Даже общества Кащея — своего отца, пусть и не создателя — она не искала. Тот же и вовсе сторонился людей. Не любил их и без надобности не желал видеть.

Будучи царевной, Мара могла входить в те палаты, что прятались в подземельях дворца. Там, где Кащей и пропадал. Поначалу она просто шла туда, куда идти ей велела Морана. Делала то, что мать говорит. Но со временем ею стало овладевать нечто странное… некое зовущее чувство. Подчиняясь ему, однажды Мара добралась и до подземных сводов дворца.

Странная ее глазам предстала картина. Кащей стоял посреди залы, засыпанной золотыми монетами. Просто стоял, опустив голову на грудь и — в блаженстве или изнеможении — прикрыв глаза. Казалось, он был статуей, пусть и отлитой из иного металла, чем то, что окружало его.

Ведомая все тем же зовом, Мара приходила в подземелья еще не раз. Никогда не окликала Кащея, никогда не заговаривала с ним. Просто наблюдала. Не найдя ответа сама, спросила Морану: что влечет ее супруга и царя в подземелья? Раз за разом, день за днем? Царица помрачнела.

— Колдуньи говорят, на него наслано проклятье, которое никому не под силу развеять. Может, и есть в том крупица истины, а может, истина в том, что воля Кащея слаба.

— Воля? — переспросила Мара.

Морана поморщилась. Помолчала.

— То солнце, что ты видишь за окнами дворца — тусклое, безжизненное — лишь отголосок, эхо настоящего солнца.

— Что значит «настоящее» солнце?

— То, что навеки сокрыто для нас в мире живых. — Царица роняла слова тяжело, словно камни. — Знаешь, почему в нашем дворце так много золота? Они — отлитые в металл солнечные лучи. Их сотворили особого рода искусницы. Те, что умеют переступать ту грань, которая для меня, для Кащея и для многих, многих других превращается в неприступную стену. Они сохранили для нас живое солнце.
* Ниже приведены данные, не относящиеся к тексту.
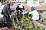 花ボランティアの方々が毎週お休みの日に学校に来てくださり、正門を入ってすぐの花壇のお手入れをしてくださいます。今日は朝倉さん、椎屋さん、別府さんが追加の苗を植えてくださいました。とってもステキな花壇です。

Глаза Мораны потемнели, лицо исказила странная гримаса, уродующая красивые, почти совершенные черты.

— Это все, что нам осталось, — прошипела она.

Мара смотрела на царицу во все глаза, пытаясь понять, разгадать ее загадочные речи. Казалось, та говорила с ней на языке чужой земли. Миг, и ярость на лице Мораны сменилась спокойствием. Ледяной обжигающий ветер — штилем.

— Золото, что его окружает, вдыхает в Кащея жизнь. Без него он слабеет, чахнет. Вот отчего он так им одержим.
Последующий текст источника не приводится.